Parafollicular cells are another crucial type of cell within the thyroid gland. Calcitonin is secreted by parafollicular cells. Calcitonin functions to keep Ca++ (Calcium++) balance within the body (see Figure 1). For decades, thyroid C cells were hypothesized to be derived from the neural crest12; however, lineage tracing was used in mice to pinpoint the origin of C cells in 2015. Researchers found that C cells differentiated from Sox17+ (sex determining regionY-box 17) anterior endoderm.13 This new finding changes the treatment strategy for C–cell-derived diseases like thyroid medullary cancer. Stem cells can differentiate to follicular cells. Although the differentiation of stem cells to C cells has not been reported, Kwaku et al14 recently developed functional thyroid C–cell-like cells from human pluripotent cells. C cells do not attract too much attention compared with follicular cells, but they also have unique characteristics. These 2 major thyroid cells need to be developed and arranged in a physiological manner on a 3-dimensional structure15 to work together as an integrated endocrine organ.

ESCs: An Unlimited Source of Thyroid Cells

The thyroid gland develops from the foregut endoderm. Briefly, under the stimulation of Activin, Noggin, Fgf2, and Bmp4, ESCs differentiate to Nkx2-1 and Pax8 co-expressed endoderm lineage, called progenitor cells. These cells develop to follicles under thyroid stimulating hormone (TSH) stimulation and within a 3-dimensional structure.11

Thyroxine is necessary for the development of thyroid gland. Since the early 1990s, researchers have found that thyroid hormone receptor-α and triiodothyronine modulate the neural differentiation.16 The specific cell differentiation protocol has not been established. TSH activates the transcription of genes that are necessary for thyroid hormone synthesis and secretion. It also facilitates the transformation of embryonic bodies into thyroid follicular cells.17 Although TSH is needed for directional differentiation, other factors also play critical roles throughout the process.
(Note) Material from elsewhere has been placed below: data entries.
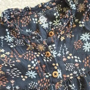 dark navy floral, wood buttons
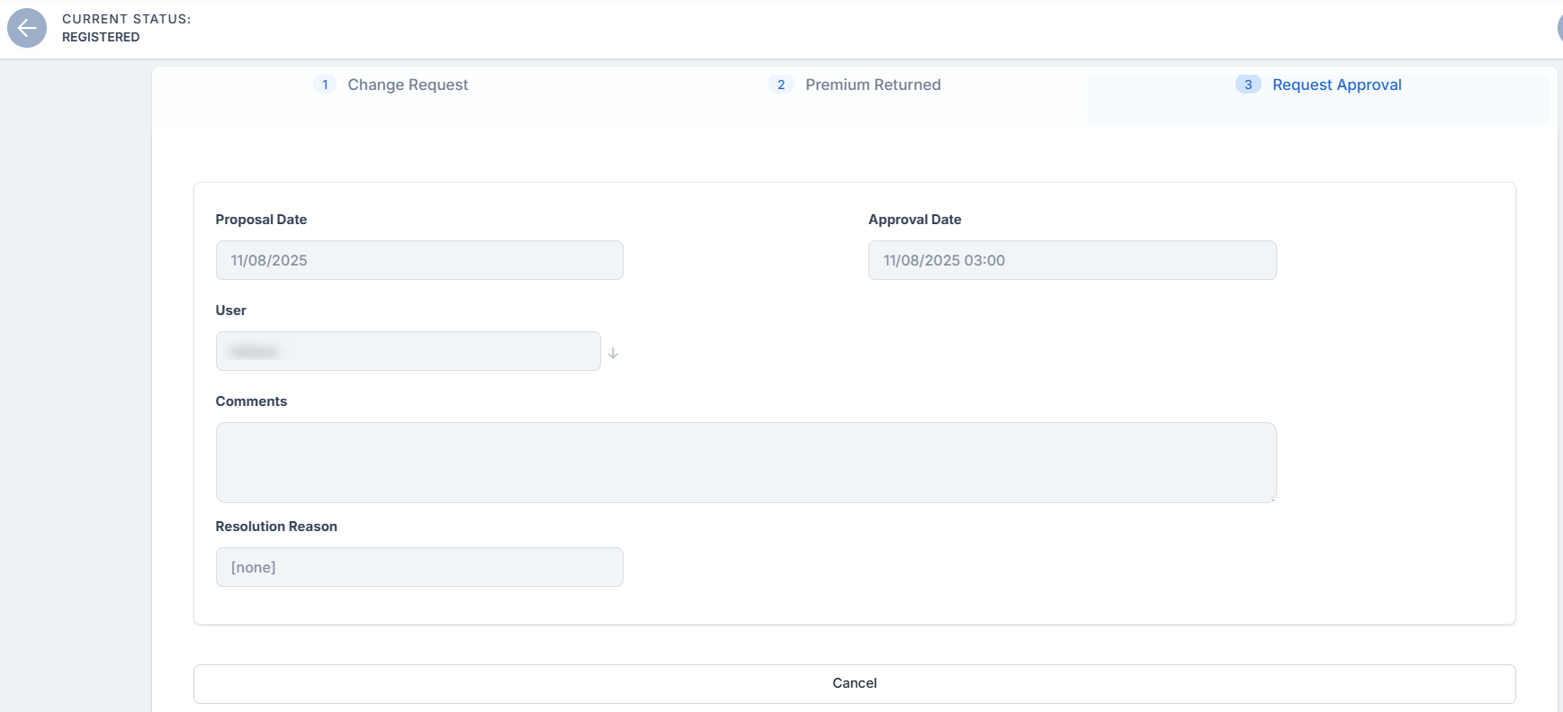 Click Register and the cancellation request moves to the Pending Approval status. The Premium Returned tab is now displayed.
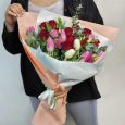 Розовый букет тюльпанов и альстромерий

How Can Endoderm Be Directionally Developed from ESCs?

During the early 2010s, Antonica et al18 overexpress transcription factors NKX2-1 and PAX8 in ESCs, which directly form thyroid follicular cells. These induced follicular cells are then grafted into a vascularized niche of a kidney, maintaining thyroid hormone levels in plasma.18 In addition to mouse models, functional thyroid follicles may also be induced from the human ESC line.19 Further, functional thyroid tissue is developed both in vitro and in vivo using mouse ESCs20; however, whether or not human ESCs have developed functional thyroid has not been reported. On the 1 hand, it is not difficult to induce ESCs to differentiate into a single kind of mature cell. On the other hand, it is not easy to establish an entire organ that includes various kinds of functional cells. There are many obstacles that need to be overcome before approaching clinical treatment.21 The relationship between ESCs and thyroid carcinoma or thyroiditis has not yet been reported.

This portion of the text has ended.